WHAT TO WORK ON – What you write must be the listing below in full, word for word, minus its pictures.

SUPPLIED INFORMATION –
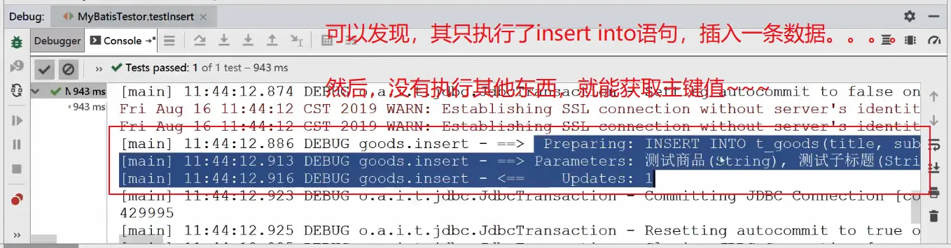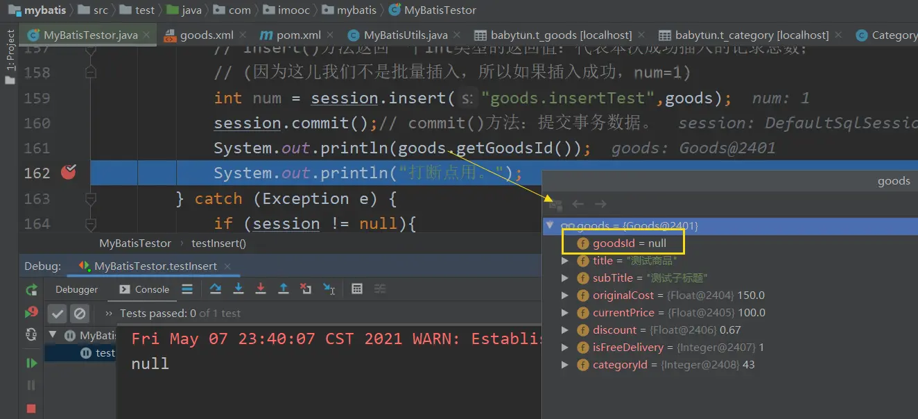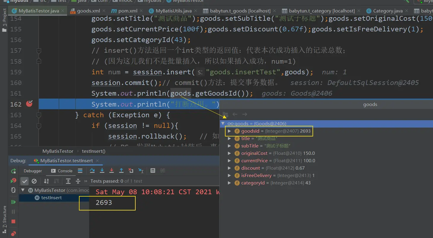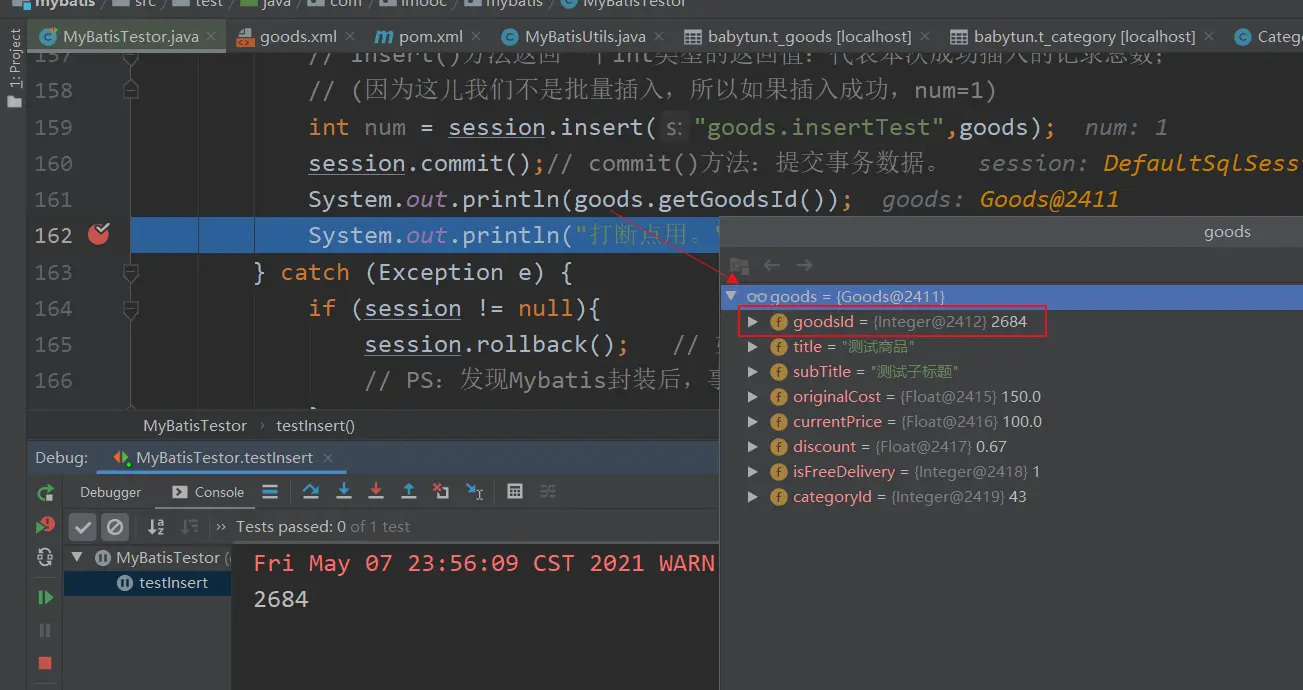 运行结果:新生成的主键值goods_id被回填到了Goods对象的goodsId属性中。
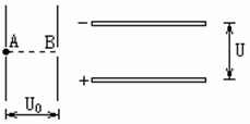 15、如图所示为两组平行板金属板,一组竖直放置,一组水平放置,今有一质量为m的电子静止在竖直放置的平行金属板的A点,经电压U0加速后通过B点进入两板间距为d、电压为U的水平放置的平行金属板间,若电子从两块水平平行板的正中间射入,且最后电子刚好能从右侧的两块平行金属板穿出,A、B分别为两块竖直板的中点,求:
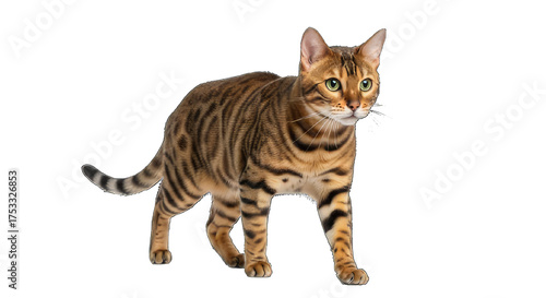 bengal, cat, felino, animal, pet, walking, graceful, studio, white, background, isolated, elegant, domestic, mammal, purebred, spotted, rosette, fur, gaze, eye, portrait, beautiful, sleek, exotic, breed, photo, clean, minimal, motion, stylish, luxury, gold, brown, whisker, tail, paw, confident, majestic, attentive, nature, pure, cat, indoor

EXERCISE OUTPUT –
 运行结果:新生成的主键值goods_id被回填到了Goods对象的goodsId属性中。
 15、如图所示为两组平行板金属板,一组竖直放置,一组水平放置,今有一质量为m的电子静止在竖直放置的平行金属板的A点,经电压U0加速后通过B点进入两板间距为d、电压为U的水平放置的平行金属板间,若电子从两块水平平行板的正中间射入,且最后电子刚好能从右侧的两块平行金属板穿出,A、B分别为两块竖直板的中点,求:
 bengal, cat, felino, animal, pet, walking, graceful, studio, white, background, isolated, elegant, domestic, mammal, purebred, spotted, rosette, fur, gaze, eye, portrait, beautiful, sleek, exotic, breed, photo, clean, minimal, motion, stylish, luxury, gold, brown, whisker, tail, paw, confident, majestic, attentive, nature, pure, cat, indoor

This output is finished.